In its recent assessment of the Wilpinjong Extension Project, the department argues that Wollar is no longer worth saving, and recommends approving the expansion of the mine to within 1.5km of the village, acknowledging that this will spell the end of Wollar.

“The Department of Planning has sold out another NSW community to the mining lobby,” said Steve Phillips, Hunter regional coordinator for the Lock The Gate Alliance.

“The way the community of Wollar is being treated is disgusting. The NSW Government needs to act now to bring balance and fairness to coal mine approvals in this state. People in mining affected communities are frankly sick of being told they must suffer the impacts of mining with no recourse to justice. We have few options but to protest.”
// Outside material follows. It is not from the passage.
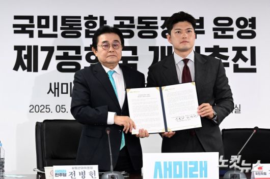 전병헌(왼쪽) 새미래민주당 상임선대위원장과 김용태 국민의힘 비상대책위원장이 28일 서울 여의도 새미래민주당사에서 열린 국민통합 공동정부 운영과 제7공화국 개헌추진 협약식에서 협약서에 서명하고 기념촬영을 하고 있다.

“The Baird government must act to end the mining conflict that is destroying the social fabric of this region.  They’ve got to make the mines keep clear of villages and keep their noise and dust pollution to within the limits of national and state standards. And they have got to stop stripping the public of our legal rights to appeal bad mine approvals in court. It’s just basic fairness.”

Key facts

  • Under NSW law, major developments including coal mines are often subject to a review by the NSW Planning and Assessment Commission (PAC) before a decision is made to approve them. If directed to by the Planning Minister, the PAC must hold a “public hearing” into the project.
  • PAC public hearings have none of the processes or powers of a court, but the holding of a public hearings extinguishes third party merits appeal rights for the project. This means that if and when the development application is approved, members of the public will have no right to challenge the merits of the approval in court.
  • In 2012, the Independent Commission Against Corruption recommended the expansion of merits appeal rights to a range of categories of development as anti-corruption safeguard, but the NSW Government has denied this right to multiple communities affected by major coal mine developments in the years since, including Maules Creek, Bulga, Breeza on the Liverpool Plains and now Wollar.
  • Community groups wrote to Planning Minister Rob Stokes in September urging him not to extinguish merits appeal rights for the Wilpinjong extension project. He did it anyway. That correspondence is available here.